Scottish-American drag performer

Ross Matthew McCorkell (born 26 May 1989), better known by the stage name Rosé, is a Scottish-American drag queen and singer based in Manhattan in New York City. He is best known for competing on the thirteenth season of RuPaul's Drag Race, placing as third/fourth runner-up alongside Gottmik.

==Early life==
McCorkell was born to Heather McCorkell in Greenock, Scotland, in Inverclyde. As a young child, he moved with his parents, brother, and sister to Aberdeen, where he grew up. At the age of 10, the family moved to Sugar Land, Texas, where his parents still live. McCorkell says that to fit in at school he would put on an American accent.

== Career ==
McCorkell, after starting drag in 2017, performed in a queer play as part of the Capital Fringe Festival, in Washington, D.C. He originally considered making “PIG.” his drag name. Then he, together with queens Jan Sport and Lagoona Bloo, formed the pop group Stephanie's Child in 2018. In 2017, Rosé won the Lady Liberty drag competition in New York after 12 weeks of competition against 73 other drag kings and queens. He graduated from Wichita State University.

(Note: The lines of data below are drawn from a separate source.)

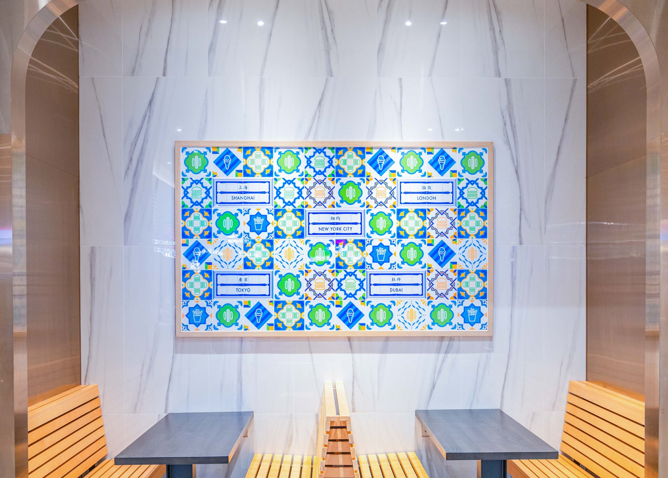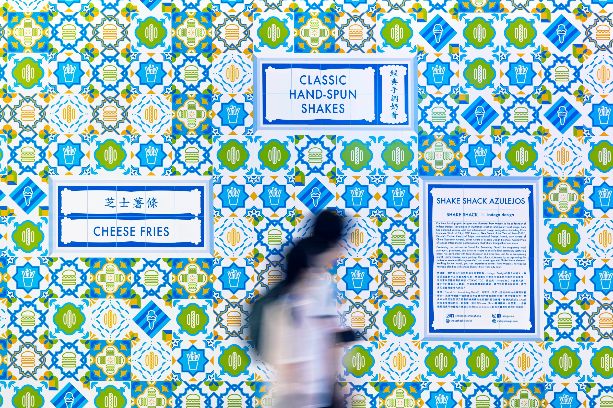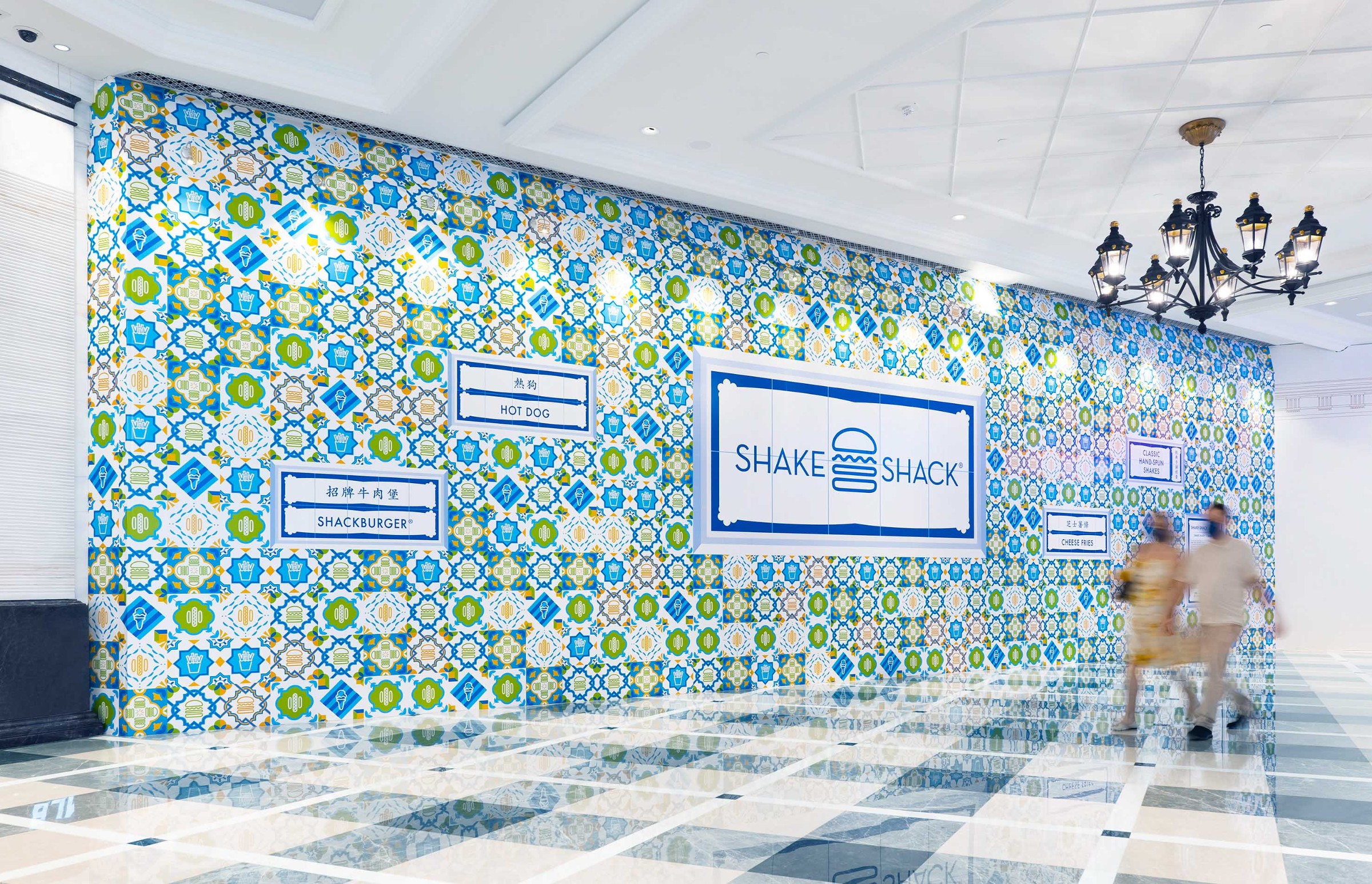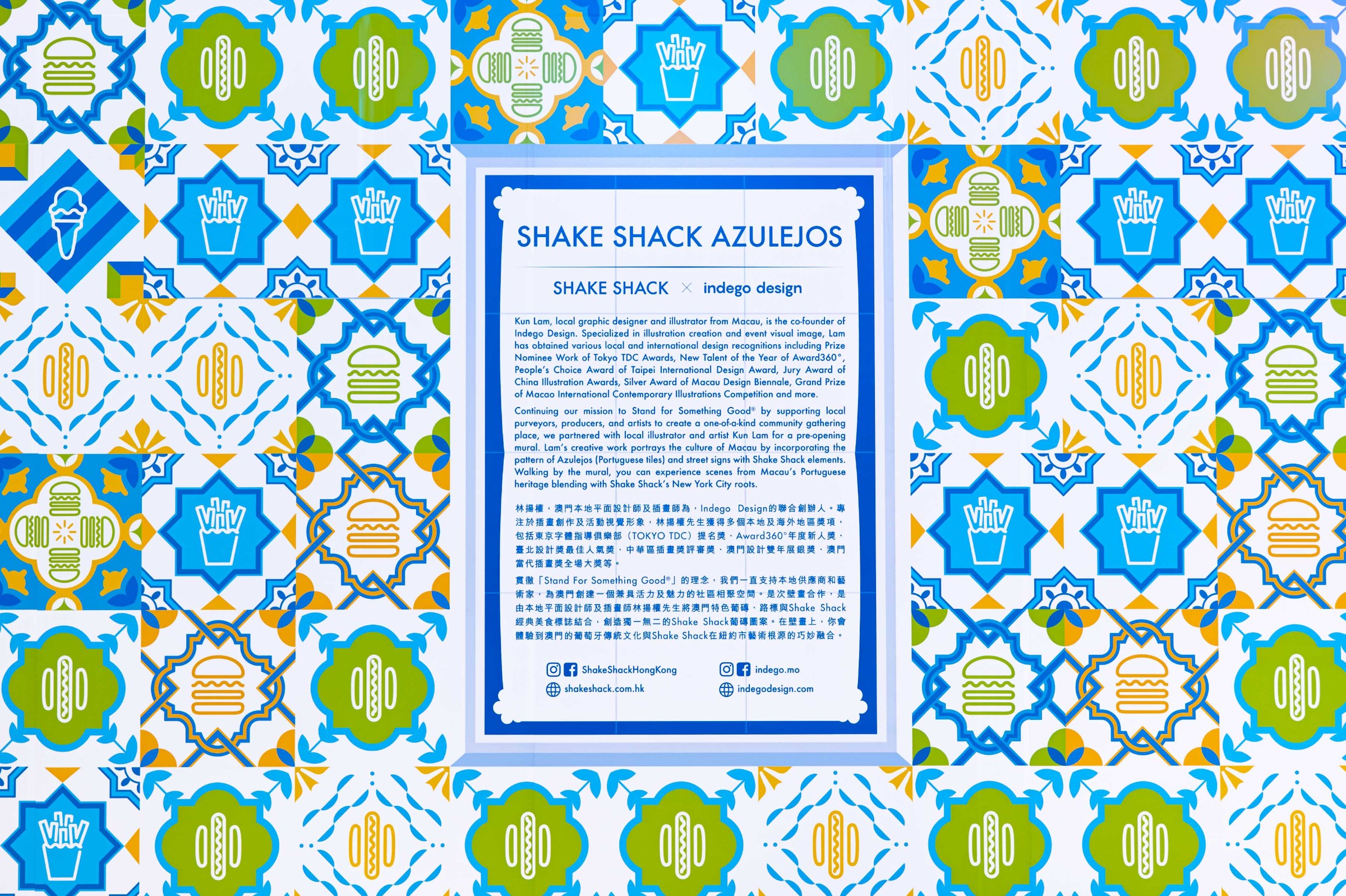 Continuing our mission to Stand for Something Good® by supporting local purveyors, producers, and artists to create a one-of-a-kind community gathering place, we partnered with local illustrator and artist Kun Lam for a pre-opening mural. Lam’s creative work portrays the culture of Macau by incorporating the pattern of Azulejos (Portuguese tiles) and street signs with Shake Shack elements. Walking by the mural, you can experience scenes from Macau’s Portuguese heritage blending with Shake Shack’s New York City roots.
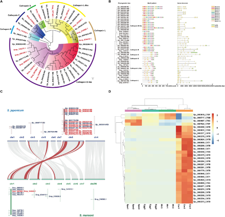 图2.日本血吸虫木瓜蛋白酶基因家族的全基因组鉴定、表征和表达模式分析。
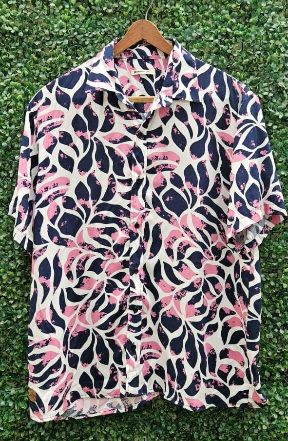 Camisa barranquina confeccionada con tela chalis, tela ligera, suave y versátil.
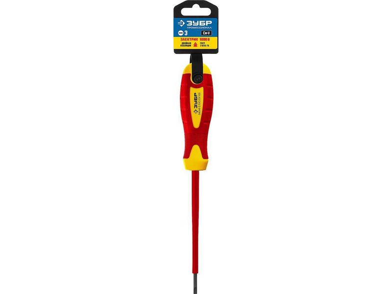 Купить Отвертка диэлектрическая до 1000В, ЗУБР "Профессионал" "ПРОФИ ЭЛЕКТРИК" 25261-3.0-075, Cr-V, трехкомпонент рукоятка, SL 3 x 100 мм
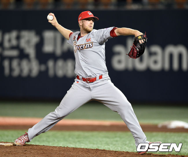 6회말 SK 켈리가 힘차게 공을 던지고 있다.
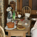 The Tate Baby House, dating from 1760, was owned by the same family for 170 years, passed down from mother to eldest daughter. It includes original wallpapers and hand-painted paneling. In the lying-in room all set up for a home childbirth, Joanna, the pregnant doll, is ready with clean linens and a beautiful gold and red cradle for the newcomer.

Rosé's casting on the thirteenth season of RuPaul's Drag Race was announced on 9 December 2020. Rosé performed well in the competition, winning three challenges, including the Rusical, and ultimately reaching the top four alongside Gottmik, Kandy Muse, and Symone. Rosé was one of two contestants to never be up for elimination during the season, along with Gottmik. Rosé was eliminated during the finale episode in a lip sync battle against Kandy Muse, ultimately tying with Gottmik as second/third runner up.

After the airing of the Snatch Game episode, Rosé posted a mini-series to Instagram's IGTV and YouTube titled Mary, Queen of Scots, performing as the Snatch Game character. The mini-series has featured some of Rosé's friends, including Jan and Matthew Camp.

McCorkell released his debut single as a solo artist on 7 May 2021, called "The Devil in the Details".

In December 2022, Rosé was cast in Titanique, a successful off-Broadway musical parody of James Cameron's 1997 blockbuster film.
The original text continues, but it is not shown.